Nos recherches électroniques ont mis à jour 83 études. Nous avons sélectionné les études, extrait les données et évalué la qualité méthodologique. Nous avons essayé de contacter les investigateurs des études pour obtenir les données non publiées, chaque fois que cela était possible. Nous avons utilisé I² pour évaluer l'hétérogénéité statistique. Nous avons estimé un risque relatif (RR) groupé avec un intervalle de confiance (IC) à 95 % pour chaque critère d'évaluation en utilisant un modèle à effets fixes de Mantel-Haenzel si l'hétérogénéité statistique était faible (valeur de I² inférieure à 50 %).

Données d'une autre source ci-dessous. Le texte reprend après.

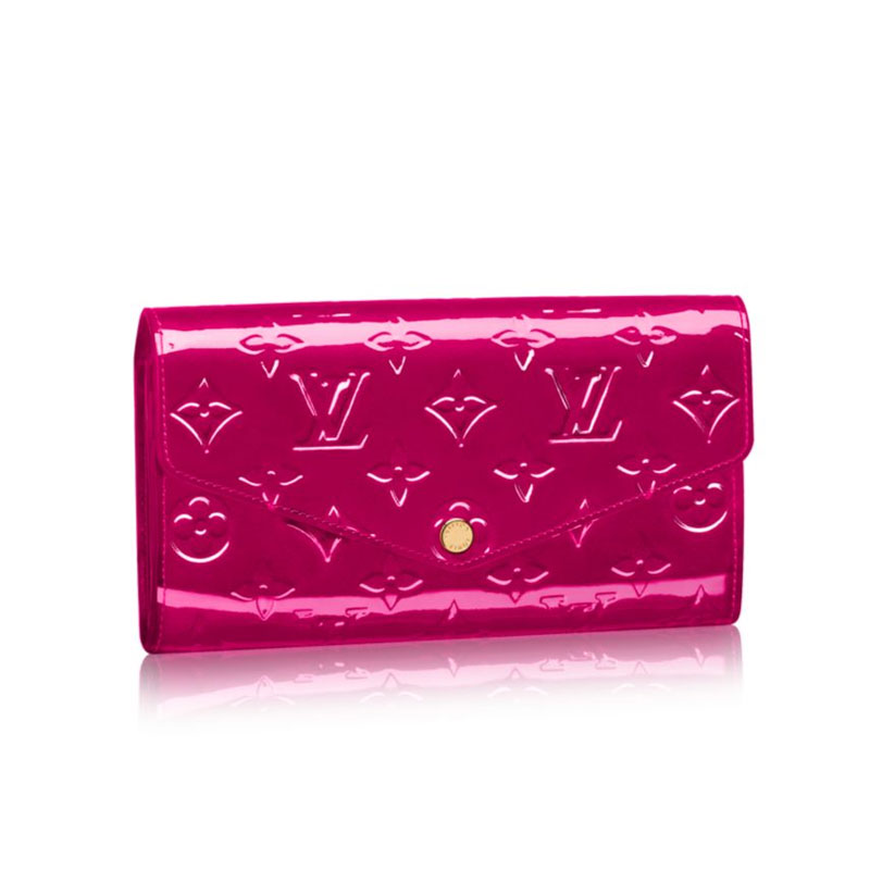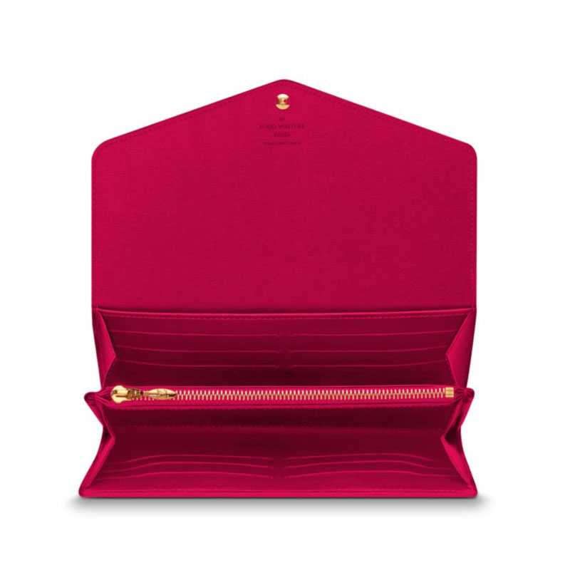 This envelope-style Sarah wallet combines an exterior in discreetly embossed Monogram Vernis leather with an ingeniously designed interior featuring a variety of pockets and credit card slots.
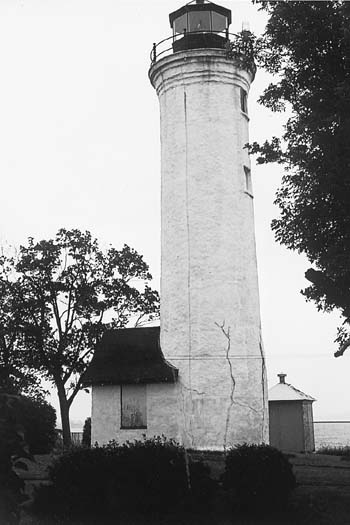 This July 1992 photo of Tibbetts Point Lighthouse clearly shows serious cracks in the base of the lighthouse. These cracks finally caused emergency repairs to the lighthouse in 1994. Back to the edition of: February 2000

Nous avons inclus quatre ECR portant sur un total de 167 sujets recrutés (ITO 100 participants ; contrôle 67 participants), qui étaient tous des enfants (âgés de 4 à 15 ans). Une étude utilisait un placebo et trois autres un régime d'éviction comme témoin. Chaque étude utilisait son propre protocole d'ITO. Trente-neuf pour cent des participants du groupe ITO ont pu tolérer une portion complète d'œuf, contre 11,9 % des témoins (RR 3,39, IC à 95 % de 1,74 à 6,62). Quarante pour cent des participants du groupe ITO ont pu ingérer une portion partielle d’œuf (entre 1 et 7,5 g ; RR 5,73, IC à 95 % de 3,13 à 10,50). Soixante-neuf pour cent des participants ont présenté des effets indésirables d'intensité légère à sévère pendant l'ITO (RR 6,06, IC à 95 % de 3,11 à 11,83). Cinq des 100 participants ayant reçu une ITO ont eu besoin d'adrénaline. Nous ne pouvons pas dire, sur la base des données disponibles, s'il y a eu un problème de sur- ou de sous-déclaration des événements indésirables. Dans l'ensemble, la rigueur méthodologique était inconstante selon les essais.